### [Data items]
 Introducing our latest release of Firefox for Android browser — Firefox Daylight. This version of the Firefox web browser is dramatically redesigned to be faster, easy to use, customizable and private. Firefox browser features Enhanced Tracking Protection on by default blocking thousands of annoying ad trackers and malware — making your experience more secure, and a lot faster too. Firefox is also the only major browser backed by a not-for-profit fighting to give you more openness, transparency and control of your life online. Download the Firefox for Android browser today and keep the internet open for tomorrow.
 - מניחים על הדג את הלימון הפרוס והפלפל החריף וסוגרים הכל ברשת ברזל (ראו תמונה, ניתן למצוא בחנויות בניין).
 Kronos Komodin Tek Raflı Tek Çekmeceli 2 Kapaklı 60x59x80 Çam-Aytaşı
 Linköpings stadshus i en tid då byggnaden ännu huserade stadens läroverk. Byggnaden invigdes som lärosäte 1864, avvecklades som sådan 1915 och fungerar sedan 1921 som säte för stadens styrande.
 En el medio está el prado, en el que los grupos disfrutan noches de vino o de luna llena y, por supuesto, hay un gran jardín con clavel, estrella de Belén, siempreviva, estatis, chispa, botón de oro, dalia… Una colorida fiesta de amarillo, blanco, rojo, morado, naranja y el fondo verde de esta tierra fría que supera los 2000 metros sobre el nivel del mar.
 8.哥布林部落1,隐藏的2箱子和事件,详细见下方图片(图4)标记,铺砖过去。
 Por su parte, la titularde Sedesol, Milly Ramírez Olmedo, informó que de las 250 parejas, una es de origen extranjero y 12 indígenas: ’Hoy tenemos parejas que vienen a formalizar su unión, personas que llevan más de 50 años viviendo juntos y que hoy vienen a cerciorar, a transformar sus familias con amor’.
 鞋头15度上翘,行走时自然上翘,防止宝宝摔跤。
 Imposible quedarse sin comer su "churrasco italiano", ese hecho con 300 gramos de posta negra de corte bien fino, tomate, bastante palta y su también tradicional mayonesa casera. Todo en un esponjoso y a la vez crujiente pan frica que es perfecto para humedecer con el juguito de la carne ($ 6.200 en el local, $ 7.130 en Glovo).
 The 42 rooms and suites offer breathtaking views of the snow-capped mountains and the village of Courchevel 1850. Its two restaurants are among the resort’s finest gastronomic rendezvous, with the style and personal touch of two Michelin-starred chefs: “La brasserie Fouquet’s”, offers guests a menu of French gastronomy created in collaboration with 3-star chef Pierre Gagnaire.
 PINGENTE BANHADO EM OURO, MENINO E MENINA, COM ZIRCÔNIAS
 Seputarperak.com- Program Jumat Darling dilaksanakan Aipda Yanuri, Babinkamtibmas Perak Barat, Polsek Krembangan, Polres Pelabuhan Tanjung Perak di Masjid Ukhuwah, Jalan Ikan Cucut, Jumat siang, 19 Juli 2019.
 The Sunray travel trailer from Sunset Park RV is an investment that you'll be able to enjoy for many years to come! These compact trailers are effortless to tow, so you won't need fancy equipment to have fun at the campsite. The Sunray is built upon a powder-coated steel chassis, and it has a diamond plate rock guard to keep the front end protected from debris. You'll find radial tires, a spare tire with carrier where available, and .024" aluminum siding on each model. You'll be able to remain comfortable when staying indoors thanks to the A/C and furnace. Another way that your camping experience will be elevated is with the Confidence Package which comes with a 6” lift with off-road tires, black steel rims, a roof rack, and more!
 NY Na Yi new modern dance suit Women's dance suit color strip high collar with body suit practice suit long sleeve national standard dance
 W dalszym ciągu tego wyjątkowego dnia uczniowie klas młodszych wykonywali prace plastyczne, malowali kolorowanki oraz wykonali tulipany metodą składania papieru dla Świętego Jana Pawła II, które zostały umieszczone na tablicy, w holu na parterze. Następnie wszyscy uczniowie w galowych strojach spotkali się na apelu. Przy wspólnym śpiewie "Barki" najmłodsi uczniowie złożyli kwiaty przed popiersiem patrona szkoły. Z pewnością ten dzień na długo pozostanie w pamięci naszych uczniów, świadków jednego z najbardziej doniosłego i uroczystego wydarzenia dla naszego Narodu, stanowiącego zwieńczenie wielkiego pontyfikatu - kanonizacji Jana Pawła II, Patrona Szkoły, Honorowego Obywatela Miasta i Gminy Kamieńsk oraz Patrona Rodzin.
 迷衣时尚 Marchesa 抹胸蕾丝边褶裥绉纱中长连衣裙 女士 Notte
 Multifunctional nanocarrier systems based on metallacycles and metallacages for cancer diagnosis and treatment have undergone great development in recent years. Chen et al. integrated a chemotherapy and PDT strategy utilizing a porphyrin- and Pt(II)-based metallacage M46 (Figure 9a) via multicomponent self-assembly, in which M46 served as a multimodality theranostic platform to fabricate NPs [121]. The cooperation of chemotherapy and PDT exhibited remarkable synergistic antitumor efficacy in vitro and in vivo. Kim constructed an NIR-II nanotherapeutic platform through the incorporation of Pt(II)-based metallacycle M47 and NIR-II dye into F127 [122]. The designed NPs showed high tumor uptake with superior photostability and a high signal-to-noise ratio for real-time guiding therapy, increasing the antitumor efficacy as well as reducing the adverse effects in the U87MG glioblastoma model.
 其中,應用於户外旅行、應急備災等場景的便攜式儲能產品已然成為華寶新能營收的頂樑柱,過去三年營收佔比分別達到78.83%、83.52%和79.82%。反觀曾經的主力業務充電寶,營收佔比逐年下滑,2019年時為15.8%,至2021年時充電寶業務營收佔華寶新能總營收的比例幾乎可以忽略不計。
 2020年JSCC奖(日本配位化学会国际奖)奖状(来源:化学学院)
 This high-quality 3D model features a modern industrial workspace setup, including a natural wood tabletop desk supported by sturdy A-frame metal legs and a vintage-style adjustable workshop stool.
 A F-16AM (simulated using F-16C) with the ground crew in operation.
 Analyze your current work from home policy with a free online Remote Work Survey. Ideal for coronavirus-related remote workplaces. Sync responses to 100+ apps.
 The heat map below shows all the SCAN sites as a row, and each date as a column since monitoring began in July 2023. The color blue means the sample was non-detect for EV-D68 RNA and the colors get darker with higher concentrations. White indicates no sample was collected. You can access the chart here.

### [Task details]
Nothing but the lines from the one holding "This high-quality 3D" to the end of the entries should be returned, each exactly as it stands.

### [Result of this task]
 This high-quality 3D model features a modern industrial workspace setup, including a natural wood tabletop desk supported by sturdy A-frame metal legs and a vintage-style adjustable workshop stool.
 A F-16AM (simulated using F-16C) with the ground crew in operation.
 Analyze your current work from home policy with a free online Remote Work Survey. Ideal for coronavirus-related remote workplaces. Sync responses to 100+ apps.
 The heat map below shows all the SCAN sites as a row, and each date as a column since monitoring began in July 2023. The color blue means the sample was non-detect for EV-D68 RNA and the colors get darker with higher concentrations. White indicates no sample was collected. You can access the chart here.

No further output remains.